* Task details: Omit the pictures and retype only the lines from the one containing "Η ευρωπαϊκή υπηρεσία" through the end of the listing, both ends included.

^^^^^^^^^^^^^^^^

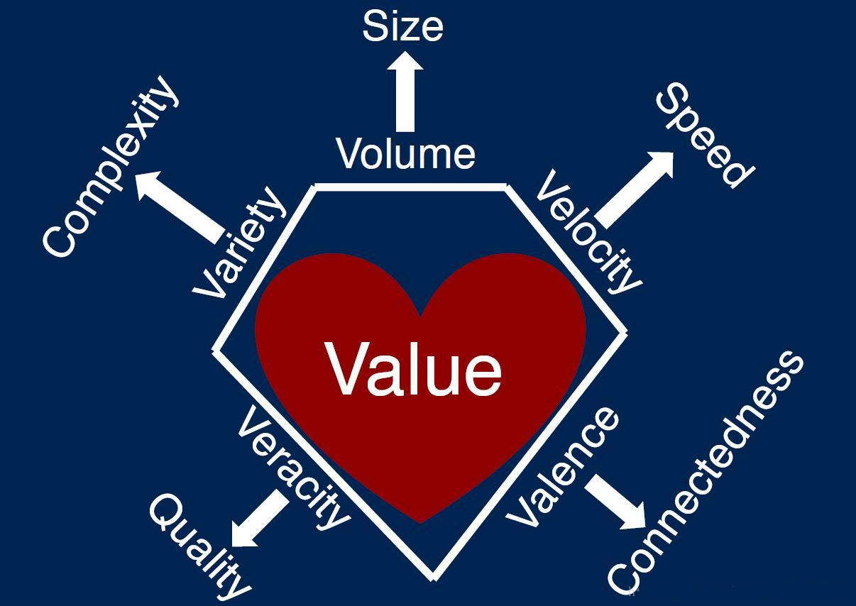 大数据有几个特性,最著名的是数据量(volume),速度(velocity),多样性(variety)。除此以外,还有就是准确性(veracity),连通性(valence), 和价值(value) 。
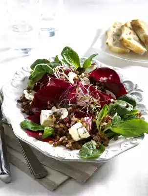 Mix lentils, mushrooms and cheese. Serve with beetroot, lamb's lettuce and sprouts on plates. Serve with baguette bread.
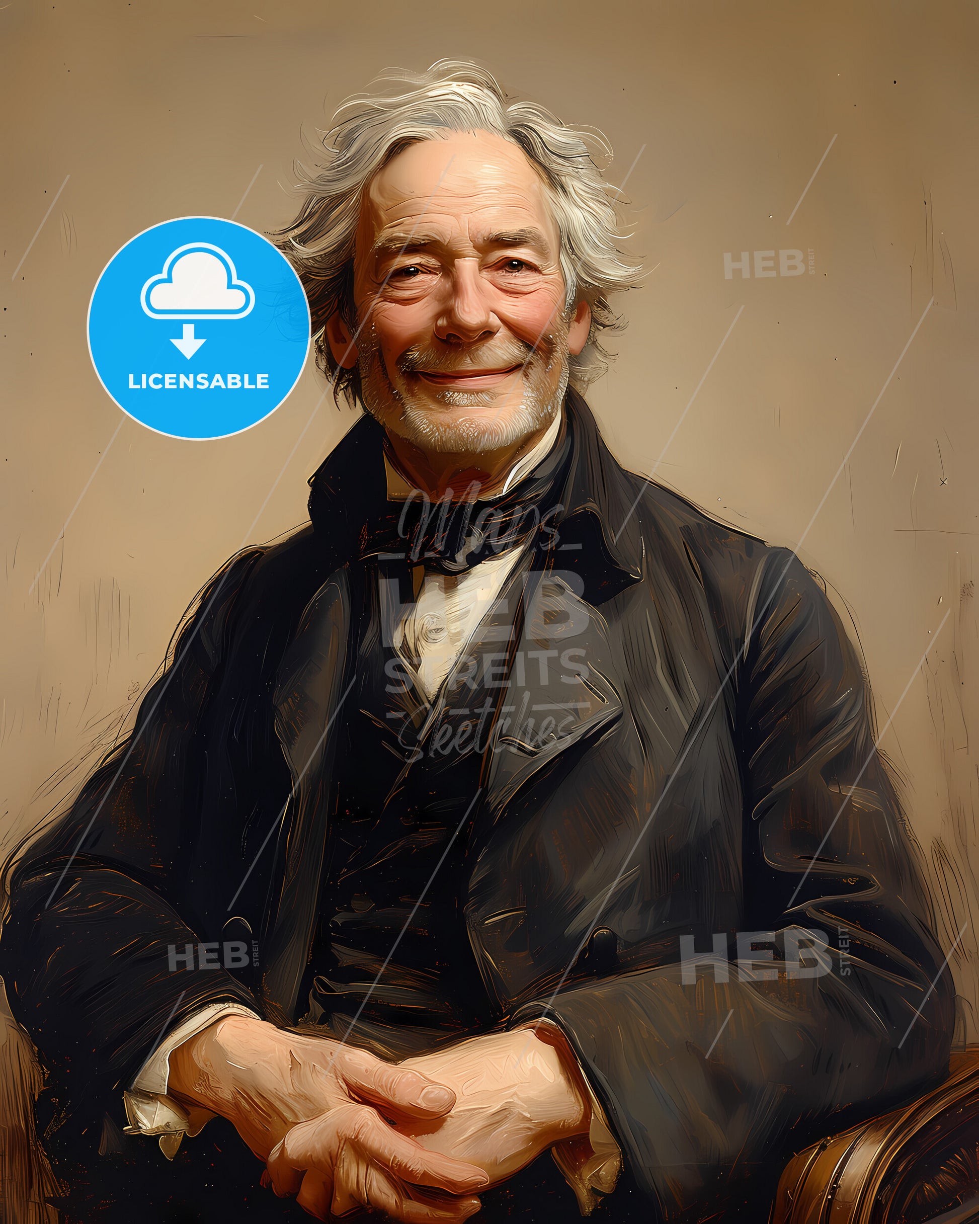 Portrait of Andrew Johnson, 1808 - 1875, 17th President of the United States, Became President after Lincoln's assassination, involved in post-Civil War Reconstruction. smiling. Vintage art illustration on bright beige paper background, sweeping overdrawn lines, subtile colored artwork, that captures the playful spirit and vivid imagination of modern art.
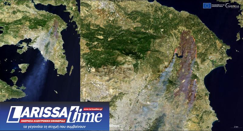 Η ευρωπαϊκή υπηρεσία Copernicus δημοσιεύει μια πρώτη εικόνα από τα καμένα στρέμματα.
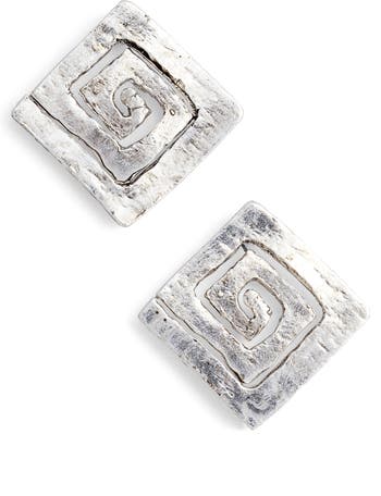 Matte precious-metal plating enriches the rough-hewn swirls of these mid-size studs.
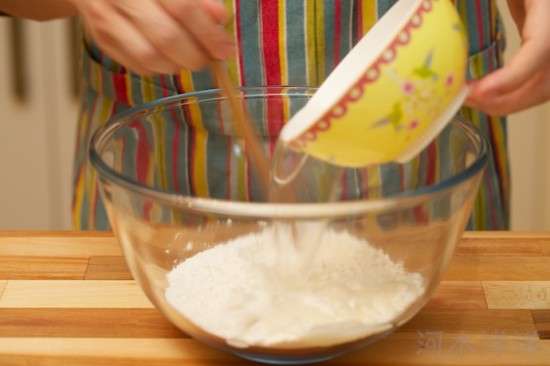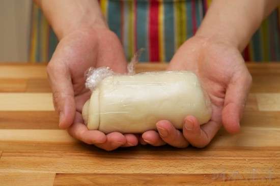 把面粉、水和豬油的混合物倒在案板上和成面團(tuán),然后將面團(tuán)揉透(也就是外觀均勻、光滑而且有彈性,大致需要15分鐘時(shí)間),包上保鮮膜松弛20分鐘。

^^^^^^^^^^^^^^^^

* Response to this exercise:
 Η ευρωπαϊκή υπηρεσία Copernicus δημοσιεύει μια πρώτη εικόνα από τα καμένα στρέμματα.
 Matte precious-metal plating enriches the rough-hewn swirls of these mid-size studs.
 把面粉、水和豬油的混合物倒在案板上和成面團(tuán),然后將面團(tuán)揉透(也就是外觀均勻、光滑而且有彈性,大致需要15分鐘時(shí)間),包上保鮮膜松弛20分鐘。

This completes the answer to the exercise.